The proposal provides fundamental CEQA reform which goes far above and beyond any amendments to CEQA since 1972. In evaluating what this means for project applicants and lead agencies, there are two key questions:
Whether the procedure will eliminate duplication and thus streamline the CEQA compliance process, and;
Whether a substantial number of projects will be subject to the list of environmental protection laws, and thus be able to take advantage of those laws providing the exclusive means for evaluating and mitigating impacts.
On Question 1, in practice, the vast majority of environmental documents already disclose the myriad laws listed in the bill and utilize the analytical methods and approaches in those laws. From a pure impact analysis standpoint, the bill likely won't dramatically reduce impact analysis requirements (except for aesthetic impacts). But, by identifying these laws as the exclusive evaluation means, the bill will allow CEQA practitioners and lead agencies to focus the analysis and avoid lengthy and costly additional analysis beyond those laws. This will provide a higher level of certainty and should dramatically limit CEQA compliance costs and time.
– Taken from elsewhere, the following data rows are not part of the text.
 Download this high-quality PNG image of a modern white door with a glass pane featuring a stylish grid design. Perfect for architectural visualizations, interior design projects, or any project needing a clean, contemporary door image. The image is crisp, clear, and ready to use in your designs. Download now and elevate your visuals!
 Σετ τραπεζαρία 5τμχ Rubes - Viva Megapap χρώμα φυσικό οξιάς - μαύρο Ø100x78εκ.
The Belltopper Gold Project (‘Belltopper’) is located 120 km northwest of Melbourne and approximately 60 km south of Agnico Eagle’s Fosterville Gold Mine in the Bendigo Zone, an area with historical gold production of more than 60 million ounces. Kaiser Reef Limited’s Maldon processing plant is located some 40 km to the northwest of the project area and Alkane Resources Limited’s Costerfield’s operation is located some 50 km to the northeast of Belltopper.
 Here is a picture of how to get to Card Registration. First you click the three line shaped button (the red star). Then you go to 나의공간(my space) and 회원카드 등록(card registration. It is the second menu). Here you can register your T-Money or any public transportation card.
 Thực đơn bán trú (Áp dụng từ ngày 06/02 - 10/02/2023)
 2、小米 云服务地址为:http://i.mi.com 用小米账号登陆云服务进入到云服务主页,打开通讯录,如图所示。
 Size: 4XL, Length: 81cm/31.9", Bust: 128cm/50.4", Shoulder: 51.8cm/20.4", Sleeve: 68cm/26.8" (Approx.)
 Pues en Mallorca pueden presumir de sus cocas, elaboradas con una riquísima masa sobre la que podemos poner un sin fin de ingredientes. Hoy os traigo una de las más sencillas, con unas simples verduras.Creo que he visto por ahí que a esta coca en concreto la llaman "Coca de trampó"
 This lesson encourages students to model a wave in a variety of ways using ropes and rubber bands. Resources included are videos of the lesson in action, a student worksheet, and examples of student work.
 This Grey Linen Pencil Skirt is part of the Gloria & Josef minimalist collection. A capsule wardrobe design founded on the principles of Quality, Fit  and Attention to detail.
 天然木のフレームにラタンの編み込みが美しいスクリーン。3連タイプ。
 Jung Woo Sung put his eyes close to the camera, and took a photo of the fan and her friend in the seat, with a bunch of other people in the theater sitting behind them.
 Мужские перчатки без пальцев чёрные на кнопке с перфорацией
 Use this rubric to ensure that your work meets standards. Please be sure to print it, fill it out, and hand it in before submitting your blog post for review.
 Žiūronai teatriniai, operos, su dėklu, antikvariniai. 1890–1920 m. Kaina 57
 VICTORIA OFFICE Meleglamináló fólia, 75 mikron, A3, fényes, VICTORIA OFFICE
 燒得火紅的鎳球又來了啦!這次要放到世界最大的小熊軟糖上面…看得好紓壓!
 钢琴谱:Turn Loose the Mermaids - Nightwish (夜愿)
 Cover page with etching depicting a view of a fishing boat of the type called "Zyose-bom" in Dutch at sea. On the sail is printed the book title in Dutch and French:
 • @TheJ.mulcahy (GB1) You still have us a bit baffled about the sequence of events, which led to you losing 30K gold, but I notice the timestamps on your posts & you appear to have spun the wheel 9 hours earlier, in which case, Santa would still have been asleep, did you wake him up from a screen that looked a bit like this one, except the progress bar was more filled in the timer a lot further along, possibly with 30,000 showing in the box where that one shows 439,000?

On Question 2, many projects will be subject to these laws (and other laws related to the listed environmental topics that qualify as an "applicable environmental law" under the reform language), and will be able to take advantage of the streamlining sought by the reform language.
Nossaman's public policy advisors and CEQA practitioners can help you create the most effective strategy for participation in the CEQA reform debate.
Important note – this e-alert provides an analysis of the draft legislative language intended for SB 317 dated August 21, 2012. This is being reported as the starting point for conversations by working groups this Fall. The political process is extremely dynamic and any CEQA reform language to be considered in 2013 is subject to significant changes.